Alvaret Ensemble, Kira Kira, E. O. Ólafsson, I. G. Erlendsson, B. Magnason

Skeylja

2014 (Denovali)
world-impro
8.5

Partiamo subito col dire che “Skeylja” è uno di quei dischi di fronte al quale spendere e organizzare parole legate a uno schema, come quello della recensione, diviene impresa che rasenta l'impossibile. Il sasso lo lanciamo immediatamente, così da avere poi tutto il tempo per ritirare la mano. Non si tratta tanto di una questione di qualità, o di convivenza fra mondi sonori, o di complessità o di qualsiasi altro argomento si usi generalmente in casi come questo, quelli in sostanza in cui chi deve dire qualcosa si trova nella brutta situazione di avere in testa esclusivamente l'esortazione all'ascolto. Si tratta proprio del fatto che è surreale pensare di poter racchiudere in un paio di migliaia di battute il significato di un'operazione simile, e cosa intendiamo con simile lo si può vagamente intendere leggendo l'elenco degli artisti in alto.

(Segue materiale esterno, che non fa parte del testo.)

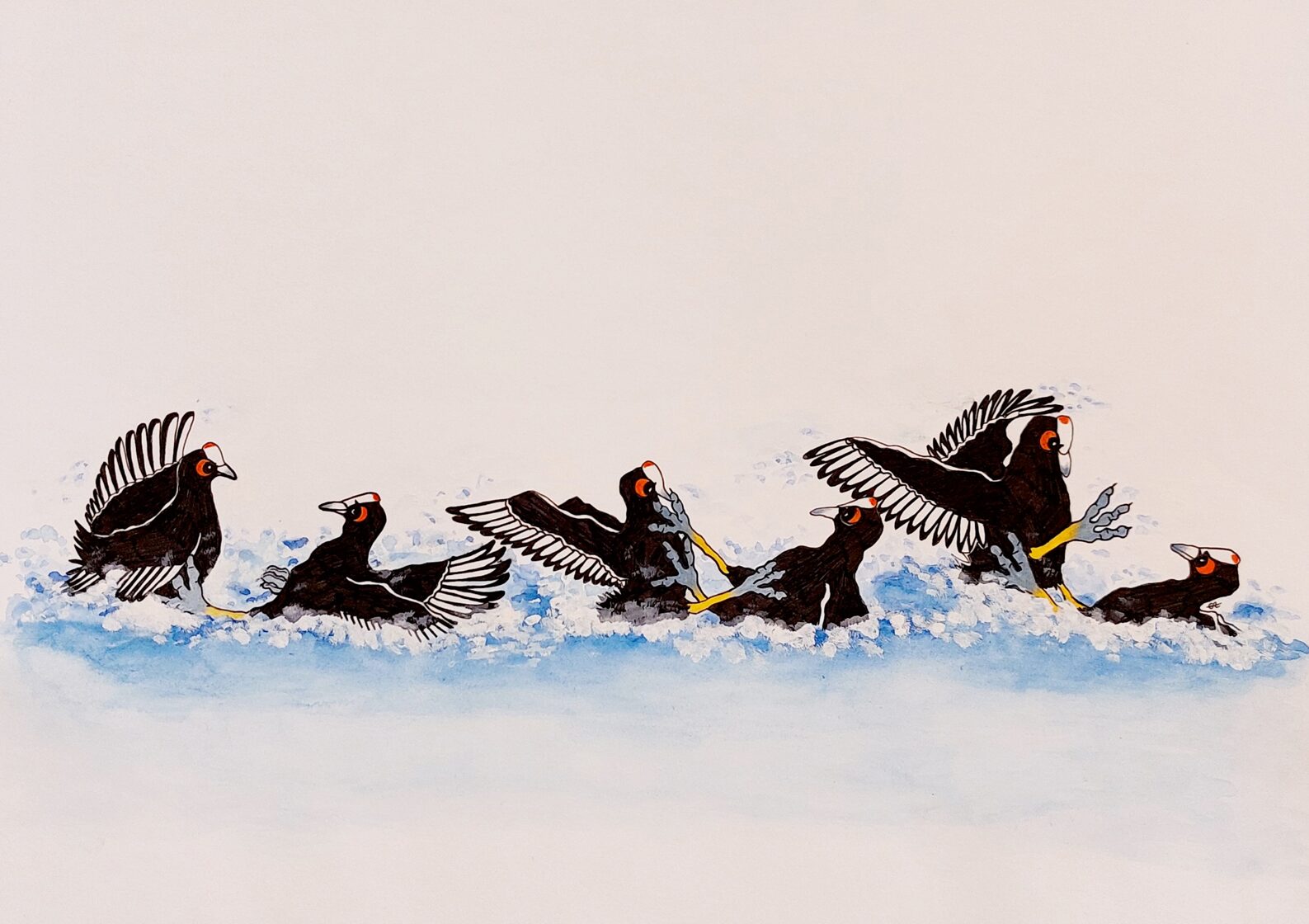foulque / aquarelle, peinture, crayon et stylo / 29,7 x 42 cm / 2024 -

Il fatto è che “Skeylja” è più un libro che un disco. Anzi no, è più un film che un libro. Oppure uno spettacolo teatrale. No, forse più che altro un rito. Ma nemmeno, perché di rituale non c'è nulla. Un'improvvisazione? Può darsi, se il canto all'unisono di dieci menti intente a rappresentare la purezza per tramite del selvaggio, espresso in forme d'arte disparate e guidato dalla sola spontaneità può ridursi a tale termine. E basta l'analisi dell'elenco per capire perché anche parlare di improvvisazione collettiva sta decisamente stretto ad un amalgama tale di stili e universi sonori. L'Alvaret Ensemble, ovvero Greg Haines, Jan e Romke Kleefstra e Sytze Pruiksma, ovvero ancora tre degli esponenti principali della scena ambientale (modern classical ma anche elettroacustica) olandese e l'enfant prodige di quella britannica. Poi Kira Kira, guru in terra islandese e co-fondatrice della Kitchen Motors; Eiríkur Orri Ólafsson - l'Arve Henriksen d'Islanda - e l'inseparabile amico Ingi Garðar Erlendsson; infine il contrabbassista Borgar Magnason.

Ma non è finita qui: perché esaurito l'aspetto sonoro, il progetto si articola a livello visivo grazie alla compartecipazione del collettivo 33 1/3, un gruppo di fotografi e videomaker che ha curato le scenografie delle performance da cui il tutto ha preso forma, e presenta pure una componente letteraria per tramite di testi tratti da reperti antichi in lingue pre-germaniche. Già, perché l'altro elemento fondamentale è che quest'autentica orchestra nasce da incontri avvenuti direttamente sul palco, tanto da essersi trasferita in studio solo in un secondo momento. “Skelja” è per l'appunto un live in studio, un coro dai mille volti che può essere ascoltato, sfogliato, osservato (contemplato) e guardato (vissuto). A livello sonoro potremmo “liquidarlo” parlando di post-Ecm, intendendo – non giriamoci attorno – una nuova dimensione di quel world-jazz che l'etichetta tedesca ha coniato quasi esclusivamente dal suo vivaio.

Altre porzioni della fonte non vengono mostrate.